Si nous ne faisons pas ce travail, qui vise à faire en sorte que chaque euro dépensé soit un euro utile et, par conséquent, que nous acceptions de remettre à plat des politiques publiques pour améliorer leur efficacité demain, alors nous ne garantissons pas la pérennité dans le temps des services publics et de la protection sociale. (M. Alain Fauconnier applaudit.) Et si l’on est attaché aux premiers comme à la seconde, alors il faut faire ce travail-là (M. Alain Fauconnier applaudit de nouveau.), comme d’autres l’ont fait avant nous (Applaudissements sur les travées du groupe socialiste. – Mme Françoise Laborde et M. Alain Bertrand applaudissent également.), en nous attachant à faire un travail de méthode très important.

Je pense à un certain nombre de grands républicains qui ont fait ce travail par le passé : Pierre Mendès-France, Jacques Delors ou tant d’autres encore, qui ont aimé les services publics et la protection sociale. Bien campés là où ils étaient sur un plan politique, ils n’en croyaient pas moins à l’absence d’antinomie entre des valeurs auxquelles on adhère, des convictions que l’on affiche et une certaine exigence de gestion dans un contexte difficile.

Donc, nous ferons ce travail ! Toutefois, mesdames, messieurs les sénateurs, vous verrez qu’à l’occasion de ce travail, auquel nous invitait tout à l’heure le sénateur Vincent Delahaye, que je salue pour la qualité de ses interventions, nous ne serons pas d’accord sur les dépenses à retenir ou à supprimer, ni sur le modèle social que nous voulons faire prévaloir. Nous ne serons pas d’accord sur tous ces points car, même lorsque l’objectif de la dépense publique est affiché, il demeure des sensibilités dans ce pays qui témoignent du fait que la conception du service public et de la protection sociale n’est pas la même selon la famille politique à laquelle on appartient et la maison dans laquelle on habite. (Applaudissements sur les travées du groupe socialiste. – M. Alain Bertrand applaudit également.)

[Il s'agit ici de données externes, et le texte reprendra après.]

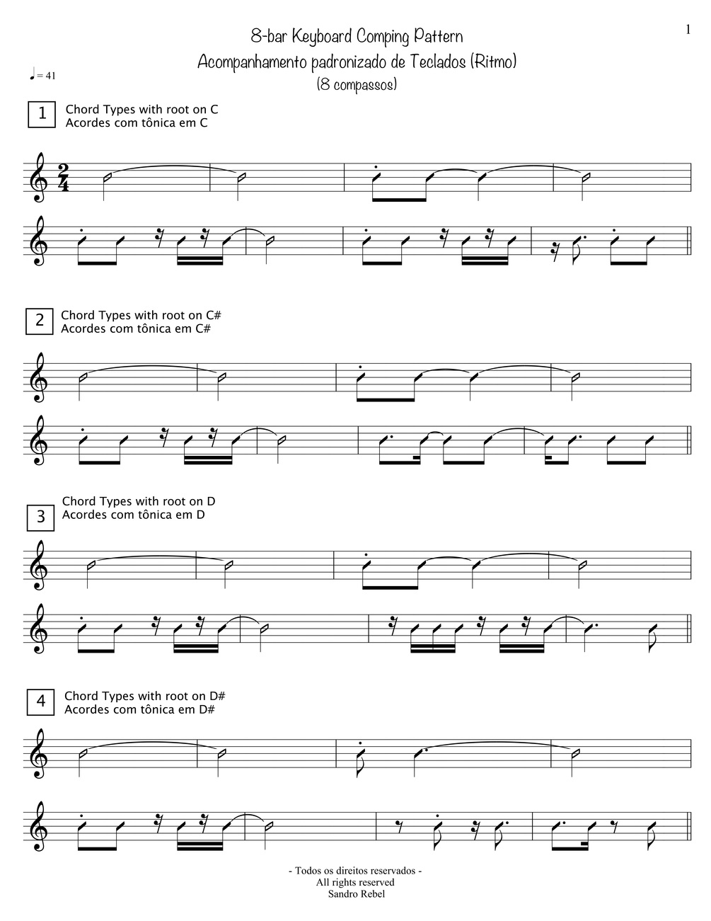 - Partituras com 24 exemplos de acompanhamentos de Bossa Nova para piano
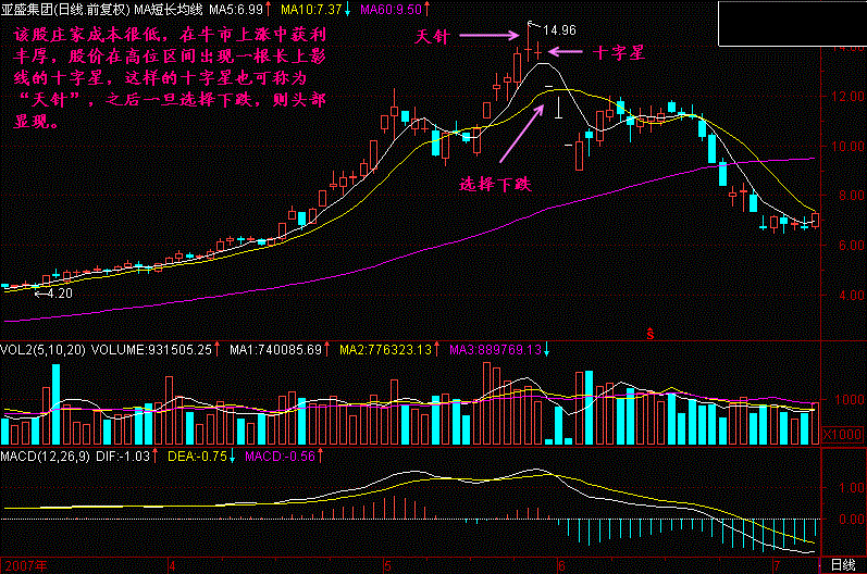 下图的个股由于十字星的上影线过长,再称为十字星就不妥了,那就称为“天针”。

Voilà le chemin, voilà le travail qui nous attend ! Il est difficile. Il est compliqué. Il nécessitera du courage et suscitera des impopularités. Mais ce qui compte, à la fin, c’est de savoir si l’on a aidé son pays à se redresser, si l’on a fait en sorte que ses comptes soient plus sains, si les services publics et la protection sociale, qui sont le patrimoine de ceux qui n’ont rien, ont été préservés, protégés, et pour longtemps ! (Bravo ! et applaudissements sur les travées du groupe socialiste et sur certaines travées du RDSE.)

M. le président. Personne ne demande plus la parole ?...

Je mets aux voix, par un vote unique, les articles modifiés par les amendements soumis à seconde délibération, ainsi que l’ensemble de la première partie du projet de loi de finances pour 2014.

Je rappelle que, aux termes de l'article 59 du règlement, le scrutin public ordinaire est de droit.

Il va y être procédé dans les conditions fixées par l'article 56 du règlement.

Le scrutin est ouvert.

(Le scrutin a lieu.)

M. le président. Personne ne demande plus à voter ?…

Le scrutin est clos.

J'invite Mmes et MM. les secrétaires à procéder au dépouillement du scrutin.

(Il est procédé au dépouillement du scrutin.)

M. le président. Voici le résultat du scrutin n° 88 :

Nombre de votants 338
Nombre de suffrages exprimés 323
Pour l’adoption 143
Contre 180

Le Sénat n'a pas adopté les articles modifiés par les amendements soumis à seconde délibération, ainsi que l’ensemble de la première partie du projet de loi de finances pour 2014.

En conséquence, le projet de loi de finances pour 2014 est considéré comme rejeté.